◆ Exercise data ◆
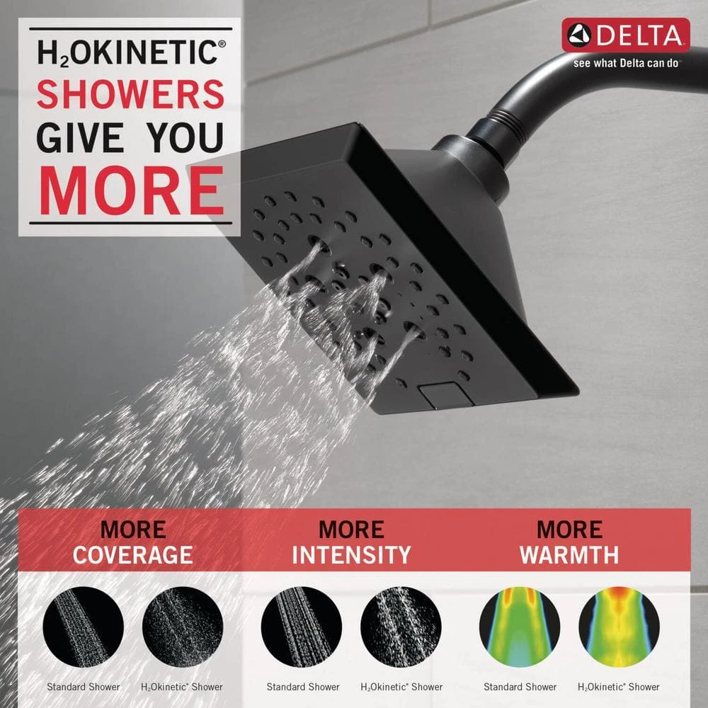 Delta H2Okinetic PowerDrench Showers look different because they are different. H2Okinetic showers are powered by an innovative technology that sculpts the water into a unique wave pattern, giving you the feeling of more water without using more water and creating a shower with more warmth, coverage and intensity. So go ahead and indulge, because now you can enjoy the feeling of more water without using more water. Replacing your shower head is one of the quickest, simplest upgrades you can make to your shower. Our shower heads feature a wide range of styles and innovations, and install in less than 20 minutes – no special tools required. While other products may gather unsightly mineral build-up over time, Delta soft rubber Touch-Clean spray holes allow any mineral residue to simply be wiped away for an instantly refreshed look with no need for soaking or the aid of chemical cleaners. The pause setting gives you ample space for shaving, lathering and other shower tasks, then easily restarts the water with the temperature where you left off. This spray setting helps you conserve water, so you can worry less about depleting your supply of hot water – and you help the environment too. Delta WaterSense labeled faucets, showers and toilets use at least 20% less water than the industry standard saving you money without compromising performance.
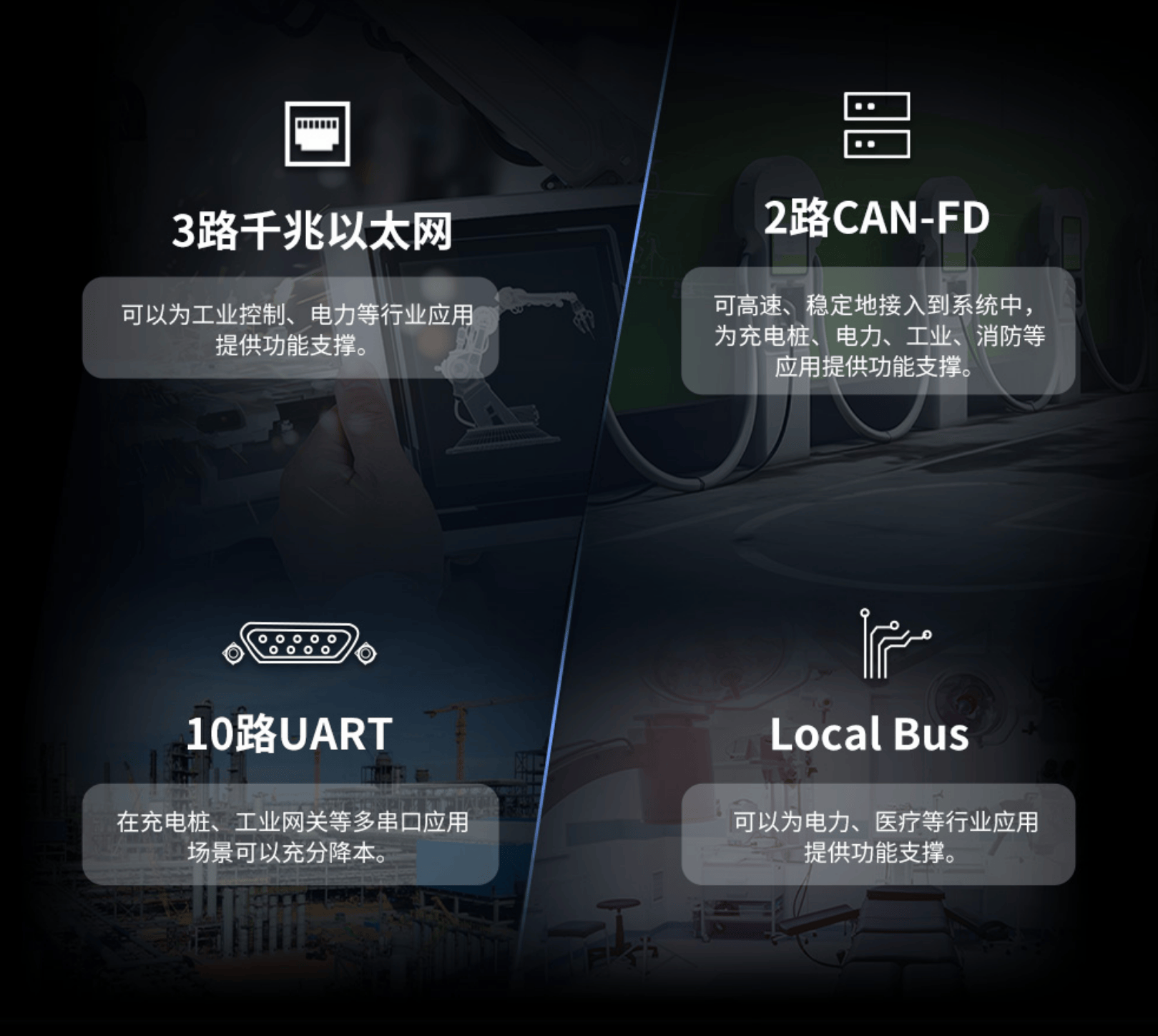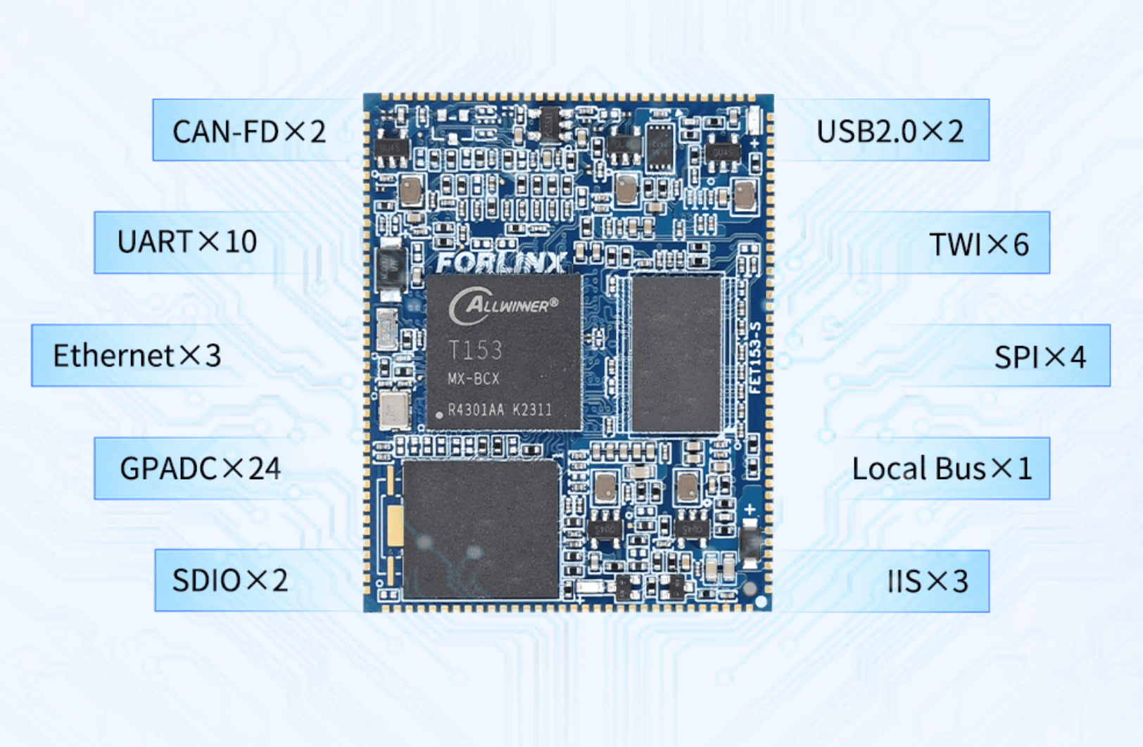 飞凌嵌入式FET153-S核心板配备3路千兆以太网接口、2路CAN-FD接口和Local Bus,支持高吞吐量网络连接,满足复杂数据驱动型应用需求。此外,T153处理器还提供10路UART、24路GPADC、6路TWI接口、30路PWM等接口,这些接口为多样化应用提供灵活性。
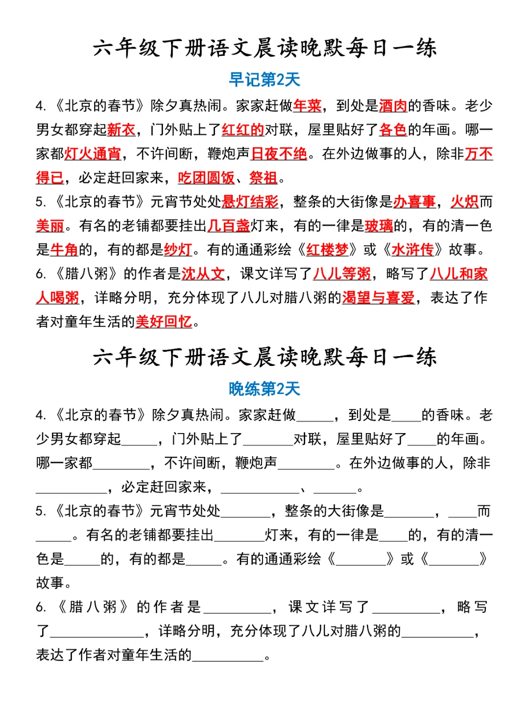 26春《六年级下语文晨读晚默》高清电子版可打印
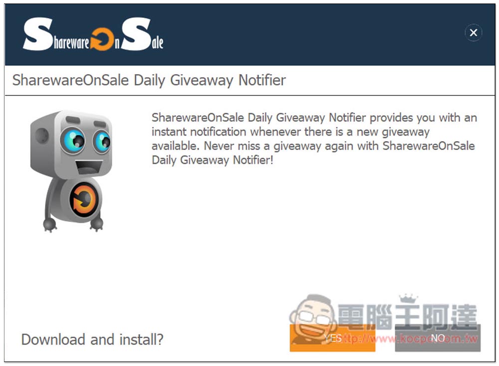這一個是問你要不要安裝 SharewareOnSale Daily Giveaway 限免資訊的通知,不想要就按 NO:

◆ Work instructions ◆
The data above should be repeated exactly, minus any pictures.

◆ Task result ◆
 Delta H2Okinetic PowerDrench Showers look different because they are different. H2Okinetic showers are powered by an innovative technology that sculpts the water into a unique wave pattern, giving you the feeling of more water without using more water and creating a shower with more warmth, coverage and intensity. So go ahead and indulge, because now you can enjoy the feeling of more water without using more water. Replacing your shower head is one of the quickest, simplest upgrades you can make to your shower. Our shower heads feature a wide range of styles and innovations, and install in less than 20 minutes – no special tools required. While other products may gather unsightly mineral build-up over time, Delta soft rubber Touch-Clean spray holes allow any mineral residue to simply be wiped away for an instantly refreshed look with no need for soaking or the aid of chemical cleaners. The pause setting gives you ample space for shaving, lathering and other shower tasks, then easily restarts the water with the temperature where you left off. This spray setting helps you conserve water, so you can worry less about depleting your supply of hot water – and you help the environment too. Delta WaterSense labeled faucets, showers and toilets use at least 20% less water than the industry standard saving you money without compromising performance.
 飞凌嵌入式FET153-S核心板配备3路千兆以太网接口、2路CAN-FD接口和Local Bus,支持高吞吐量网络连接,满足复杂数据驱动型应用需求。此外,T153处理器还提供10路UART、24路GPADC、6路TWI接口、30路PWM等接口,这些接口为多样化应用提供灵活性。
 26春《六年级下语文晨读晚默》高清电子版可打印
這一個是問你要不要安裝 SharewareOnSale Daily Giveaway 限免資訊的通知,不想要就按 NO:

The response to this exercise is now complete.